A 26.8 mL sample of a solution of RbOH is neutralized by 15.71 mL of a 1.918 M solution of HBr. What is the molarity of the RbOH solution?
RbOH + HBr ==> RbBr + H2O
mols HBr = M x L = ?
mols RbOH = mols HBr
M RbOH = mols HBr/L HBr = ?
Also, because the reaction is a 1:1 rxn ratio, it is useful to apply (Molarity x Volume)Acid = (Molarity x Volume)Base => (1.918M)(15.71ml) = M(base) x (26.8ml). Solve for Molarity of base (RbOH). The volumes can be left in ml as both sides of the equation contain mls, they will cancel and only Molarity remains.
To determine the molarity of the RbOH solution, you can use the equation:
Molarity (RbOH) x Volume (RbOH) = Molarity (HBr) x Volume (HBr)
In this case, the volume of the RbOH solution is 26.8 mL, and the volume of the HBr solution is 15.71 mL.
Let's substitute the values into the equation:
Molarity (RbOH) x 26.8 mL = 1.918 M x 15.71 mL
Now we can solve for the molarity of the RbOH solution:
Molarity (RbOH) = (1.918 M x 15.71 mL) / 26.8 mL
Calculating this equation will give you the molarity of the RbOH solution.
To solve this problem, we will use the concept of stoichiometry. Stoichiometry is the study of quantitive relationships between reactants and products in a chemical reaction.
First, let's write a balanced equation for the neutralization reaction between RbOH and HBr:
RbOH + HBr → RbBr + H2O
Next, we need to determine the number of moles of HBr used in the neutralization reaction. To do this, we can use the equation:
moles of solute (HBr) = molarity × volume (in liters)
Given:
Molarity of HBr solution (M1) = 1.918 M
Volume of HBr solution (V1) = 15.71 mL = 15.71/1000 = 0.01571 L
moles of HBr = 1.918 M × 0.01571 L
Next, we need to determine the number of moles of RbOH that reacted with the HBr. According to the balanced equation, the stoichiometric ratio between HBr and RbOH is 1:1. Therefore, the moles of RbOH used in the reaction will be the same as the moles of HBr.
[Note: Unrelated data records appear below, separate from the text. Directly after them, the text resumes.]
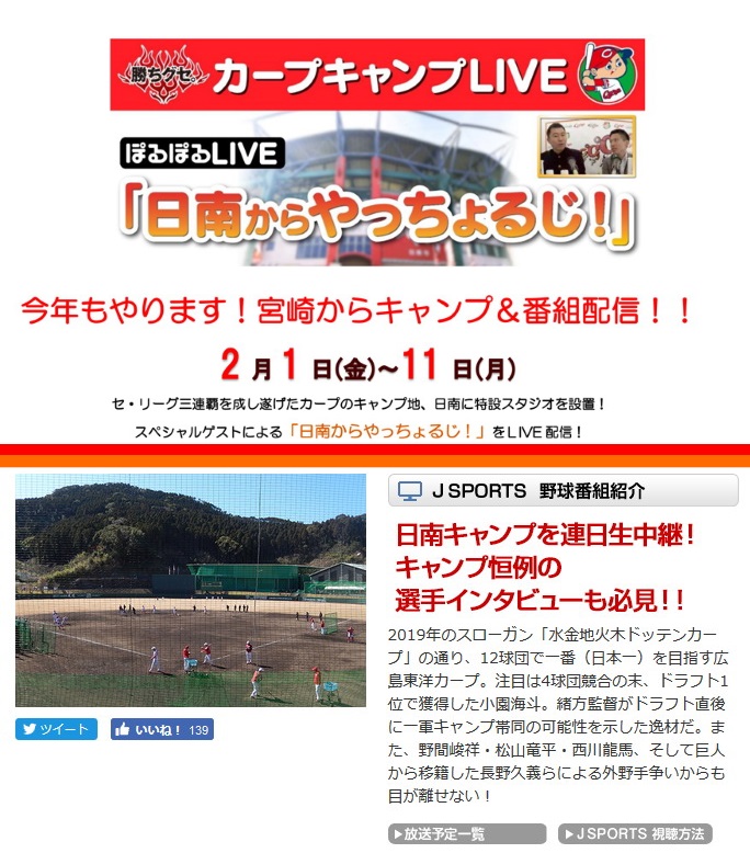 広島ホームテレビやJ SPORTSでカープ日南キャンプの様子をライブ配信/生中継!
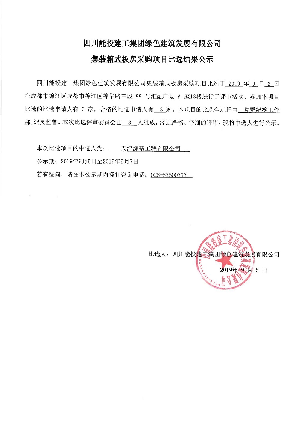 四川能投建工集团绿色建筑发展有限公司集装箱式板房采购项目比选结果公示
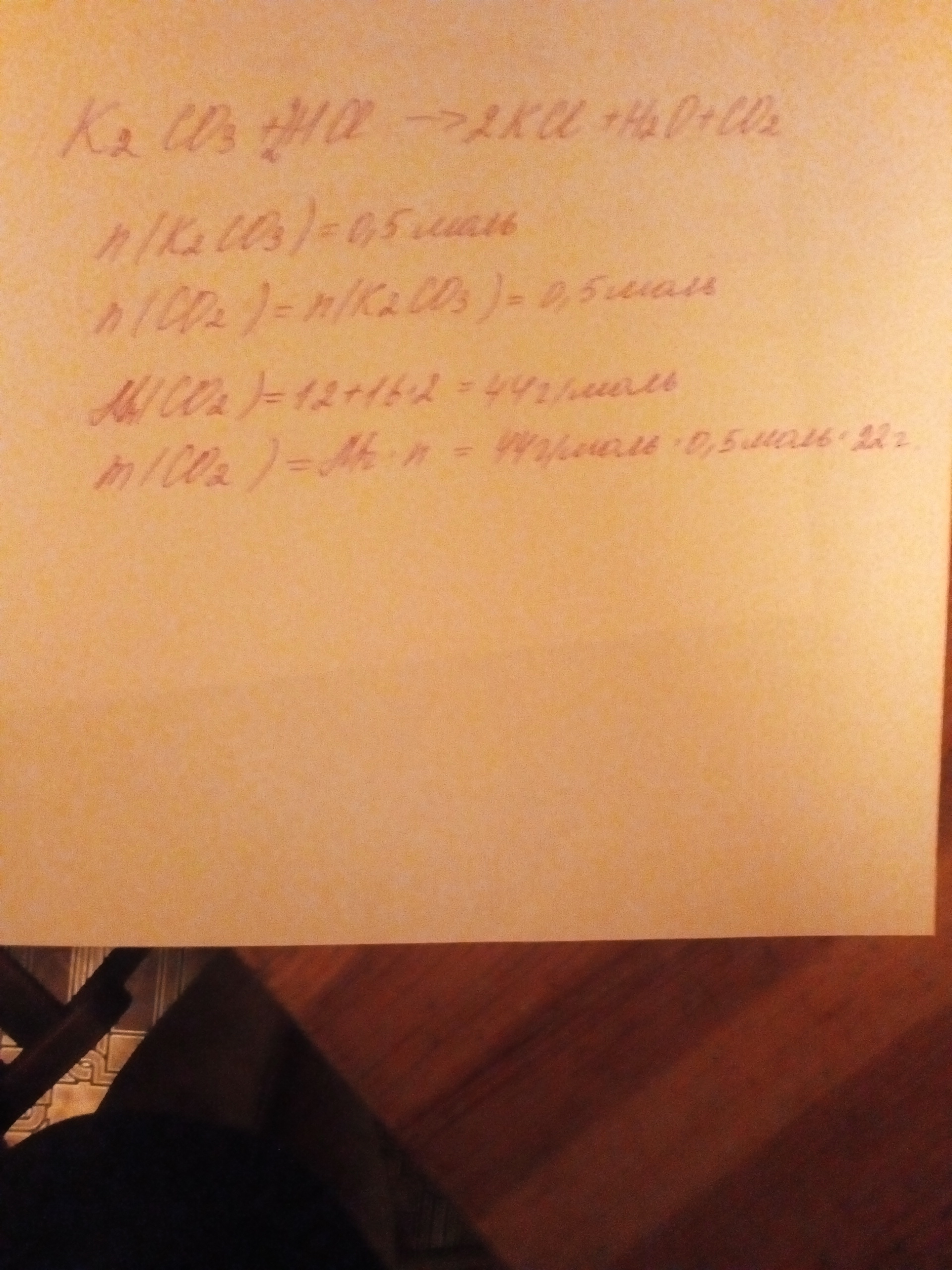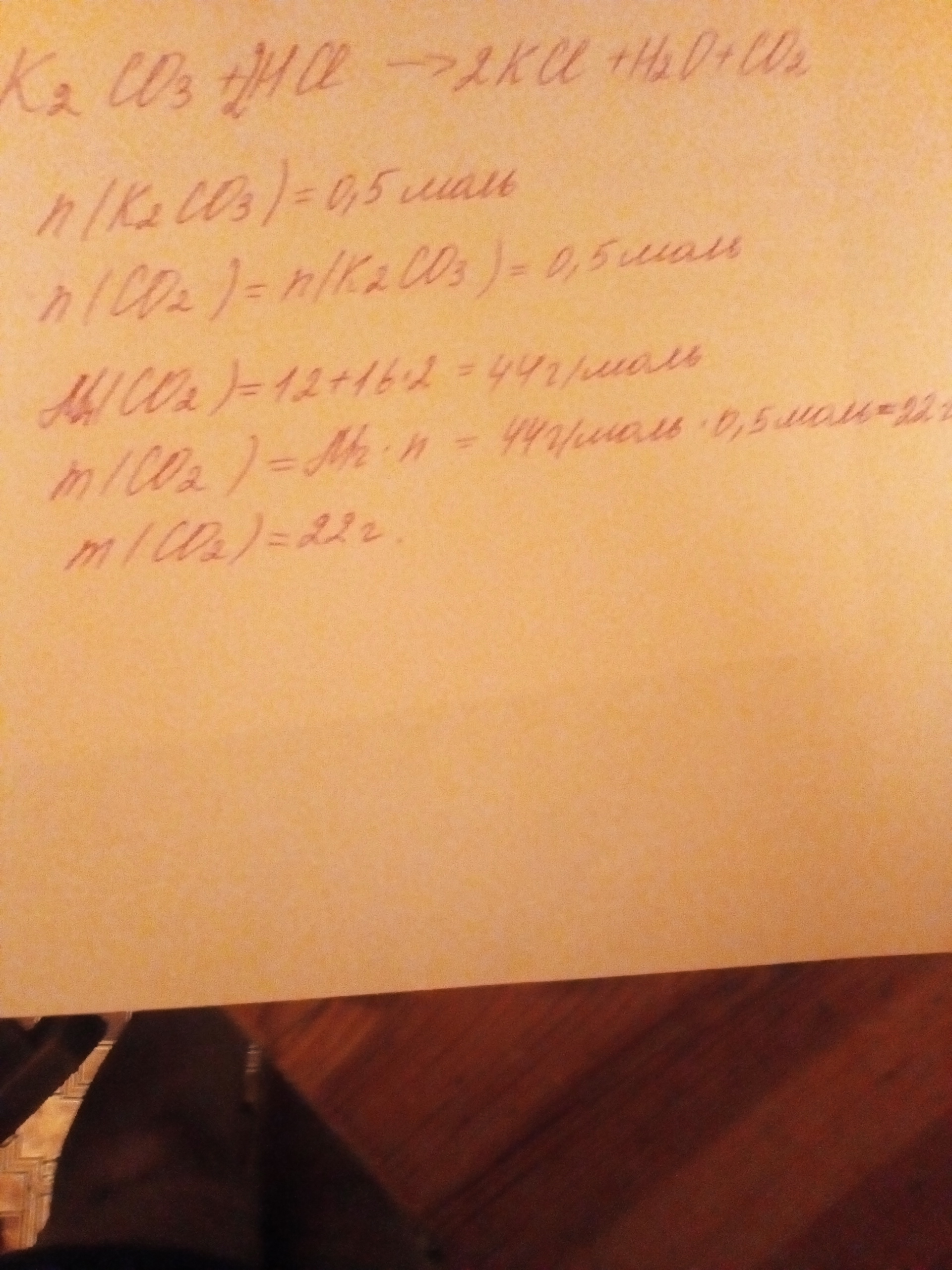 ПОМОГИТЕ ПЛИЗЗЗ определите массу оксида углерода (IV) полученнного при ваимодействии 0,5 моль карбоната калия с соляной кислотой
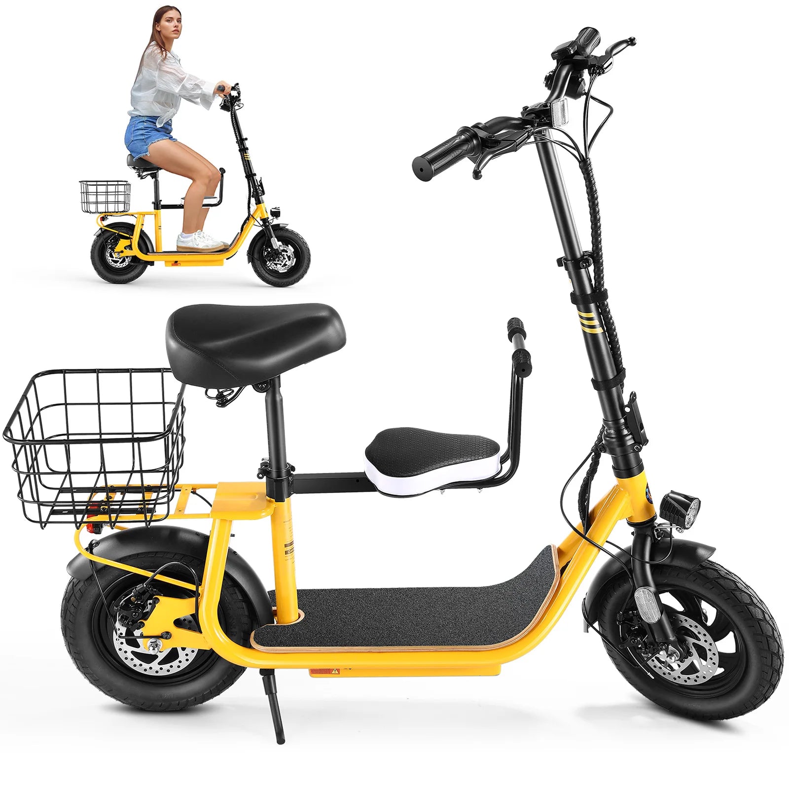 Foldable Electric Scooter with Child Seat and Rear Basket
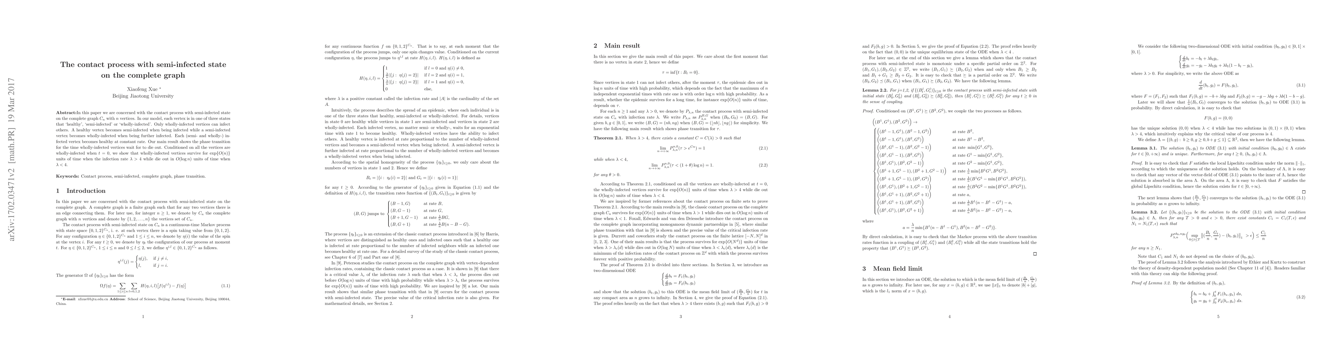 This paper studies the contact process on a complete graph where vertices can be healthy, semi-infected, or wholly-infected, with only the latter capable of infecting others. It demonstrates a phase transition in the survival time of wholly-infected vertices, showing they survive for $\exp\{O(n)\}$ time units when the infection rate $\lambda > 4$ and die out in $O(\log n)$ time units when $\lambda < 4$.
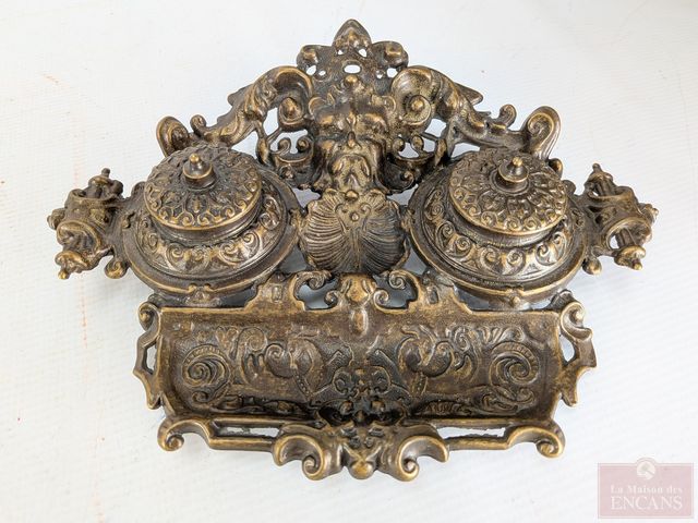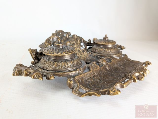 Encriers et porte-plume en laiton, mesurant 10 pouces de largeur
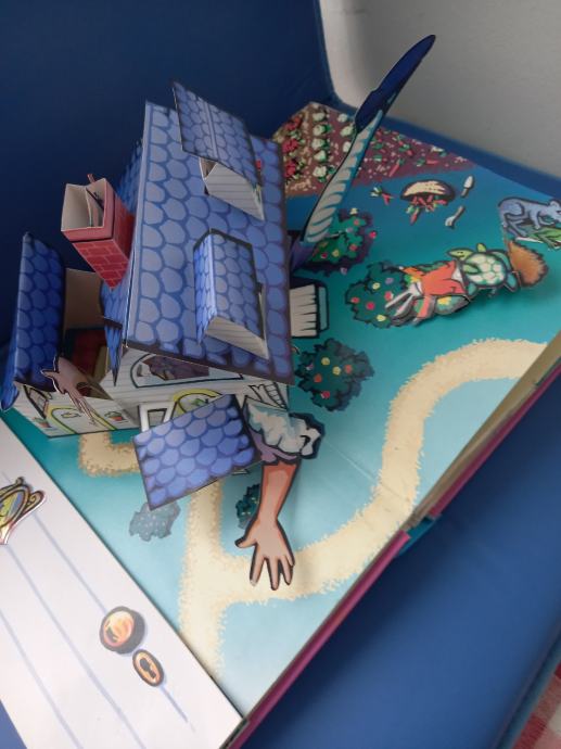 Slikovnica je u dobrom stanju, jedini nedostatak na prvoj stranici fali jedan kartonski dio koji se izvlači u 3D, sve vidljivo na slikama

moles of RbOH = moles of HBr
Now, we can calculate the molarity of the RbOH solution.
Given:
Volume of RbOH solution (V2) = 26.8 mL = 26.8/1000 = 0.0268 L
Molarity of RbOH solution (M2) = ?
moles of RbOH = moles of HBr = 1.918 M × 0.01571 L
Molarity of RbOH solution (M2) = moles of RbOH / Volume of RbOH solution (V2)
Substituting the values, we get:
M2 = (1.918 M × 0.01571 L) / 0.0268 L
Now, perform the calculation:
M2 = 1.129 M
Therefore, the molarity of the RbOH solution is 1.129 M.